WHAT YOU ARE ASKED TO DO:
When a picture appears in the listing, leave it out and copy the rest exactly as it stands.

DATA EXTRACT:
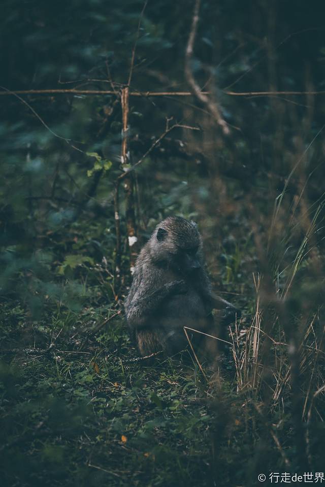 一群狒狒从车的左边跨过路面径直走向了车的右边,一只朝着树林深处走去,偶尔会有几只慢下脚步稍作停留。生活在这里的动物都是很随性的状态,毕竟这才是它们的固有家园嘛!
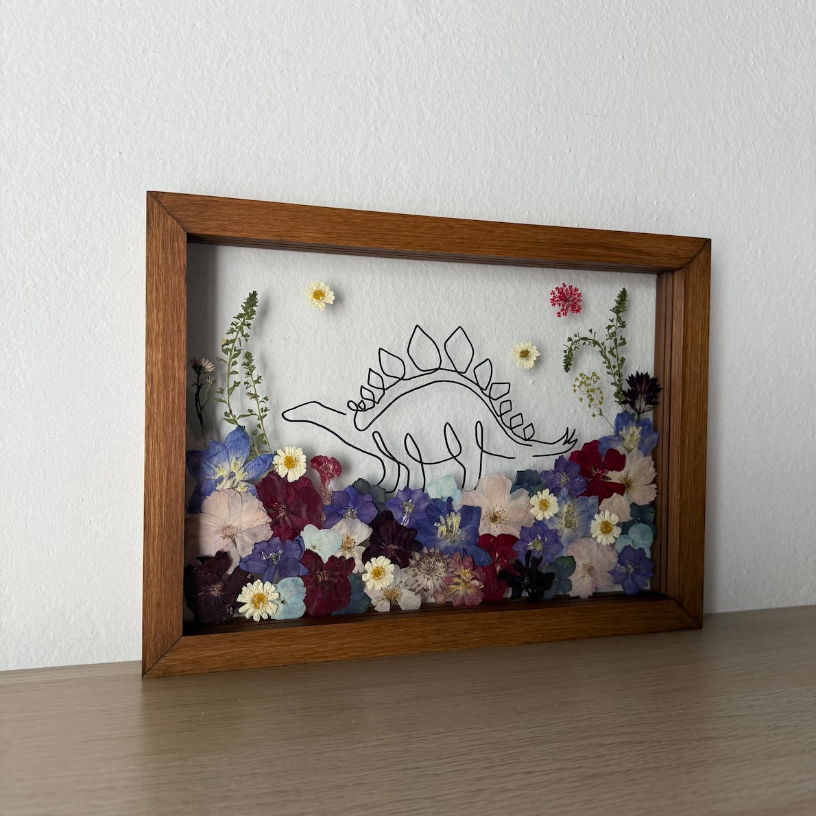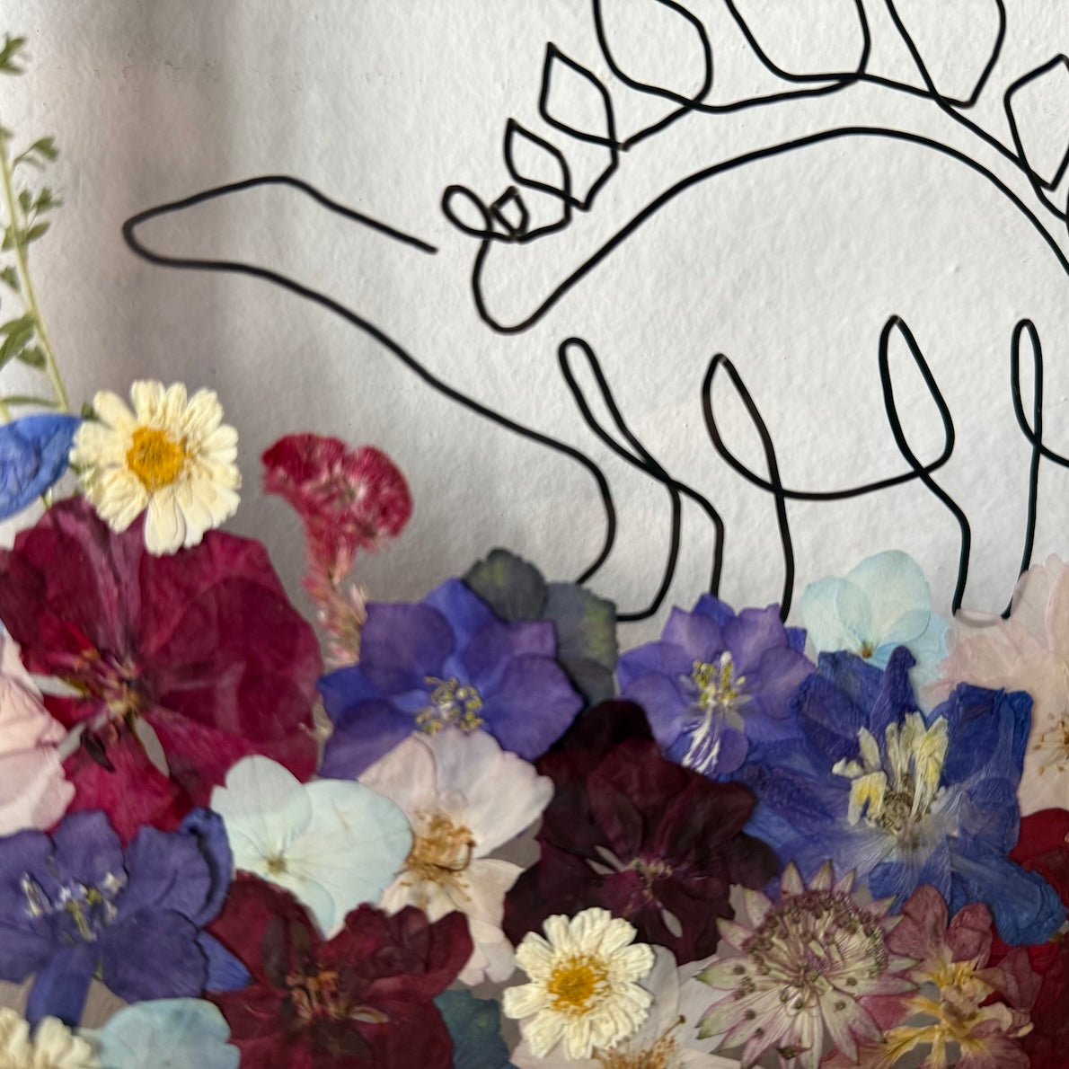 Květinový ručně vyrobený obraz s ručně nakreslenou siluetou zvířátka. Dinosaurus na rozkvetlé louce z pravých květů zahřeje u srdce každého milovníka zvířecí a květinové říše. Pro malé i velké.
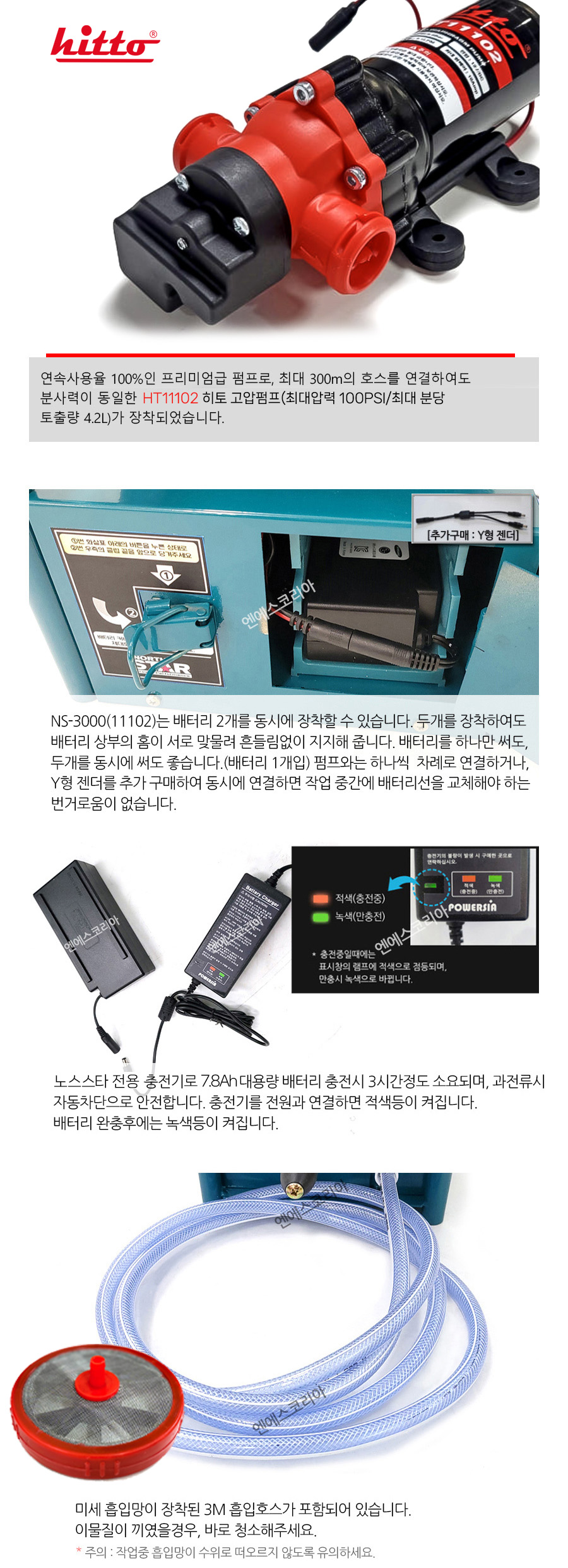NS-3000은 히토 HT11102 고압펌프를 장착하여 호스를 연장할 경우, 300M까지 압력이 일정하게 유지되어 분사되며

RESPONSE TO THE EXERCISE:
 一群狒狒从车的左边跨过路面径直走向了车的右边,一只朝着树林深处走去,偶尔会有几只慢下脚步稍作停留。生活在这里的动物都是很随性的状态,毕竟这才是它们的固有家园嘛!
 Květinový ručně vyrobený obraz s ručně nakreslenou siluetou zvířátka. Dinosaurus na rozkvetlé louce z pravých květů zahřeje u srdce každého milovníka zvířecí a květinové říše. Pro malé i velké.
NS-3000은 히토 HT11102 고압펌프를 장착하여 호스를 연장할 경우, 300M까지 압력이 일정하게 유지되어 분사되며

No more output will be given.